5 rows × 150 columns

Let’s check how many buildings did we get:

len(buildings)
545

Okay, so in this sample there are over 500 buildings in the Helsinki city center area. Naturally, we would like to see them on a map. Let’s plot our data using plot() (might take some time as there are many objects to plot):

buildings.plot()
<Axes: >
../../_images/0ee3340809f1131714225f0aa6b5b3832f133f44cbc0e20315159abb0a0d0a0b.png

Great! As a result we got a map that seems to look correct.

Reprojecting data#

As we can see from the previous maps that we have produced, the coordinates on the x and y axis hint that our geometries are represented in decimal degrees (WGS84). In many cases, you want to reproject your data to another CRS. Luckily, doing that is easy with geopandas. Let’s first take a look what the Coordinate Reference System (CRS) of our GeoDataFrame is. We can access the CRS information of the GeoDataFrame by accessing an attribute called crs:

buildings.crs
<Geographic 2D CRS: EPSG:4326>
Name: WGS 84
Axis Info [ellipsoidal]:
- Lat[north]: Geodetic latitude (degree)
- Lon[east]: Geodetic longitude (degree)
Area of Use:
- name: World.
- bounds: (-180.0, -90.0, 180.0, 90.0)
Datum: World Geodetic System 1984 ensemble
- Ellipsoid: WGS 84
- Prime Meridian: Greenwich

As a result, we get information about the CRS, and we can see that the data is indeed in WGS84. We can also see that the EPSG code for the CRS is 4326. We can easily reproject our data by using a method to_crs().

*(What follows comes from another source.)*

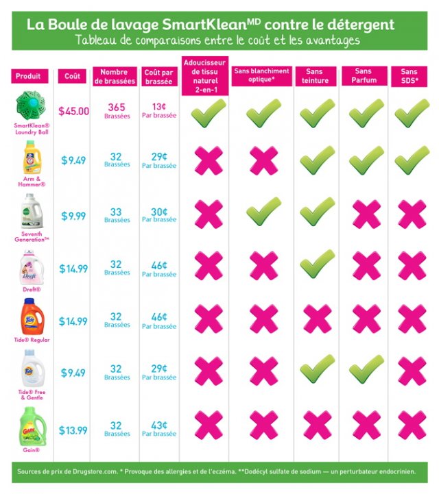 Le fabricant SmartKlean promet de belles économies sur l’achat de détergent à lessive. Une balle permet de faire 365 lavages, soit l’équivalent de 20 à 40 contenants de détergent à lessive selon le produit. Le coût par brassée pour la balle est évalué à 13¢, comparativement à 37¢ en moyenne (entre 29 ¢ et 43 ¢) pour le détergent à lessive conventionnel (voir le tableau ci-dessous, extrait du site). Une balle se détaille à 45$, ajoutez 7,50 $ pour l’envoi postal.

The easiest way to use the method is to specify the destination CRS as an EPSG code. Let’s reproject our data into EPSG 3067 which is the most widely used projected coordinate reference system used in Finland, EUREF-FIN:

projected = buildings.to_crs(epsg=3067)
projected.crs
<Projected CRS: EPSG:3067>
Name: ETRS89 / TM35FIN(E,N)
Axis Info [cartesian]:
- E[east]: Easting (metre)
- N[north]: Northing (metre)
Area of Use:
- name: Finland - onshore and offshore.
- bounds: (19.08, 58.84, 31.59, 70.09)
Coordinate Operation:
- name: TM35FIN
- method: Transverse Mercator
Datum: European Terrestrial Reference System 1989 ensemble
- Ellipsoid: GRS 1980
- Prime Meridian: Greenwich

As we can see, now we have an Projected CRS as a result. To confirm the difference, let’s take a look at the geometry of the first row in our original buildings GeoDataFrame and the projected GeoDataFrame. To select a specific row in data, we can use the iloc indexing:

orig_geom = buildings.iloc[3]["geometry"]
projected_geom = projected.iloc[3]["geometry"]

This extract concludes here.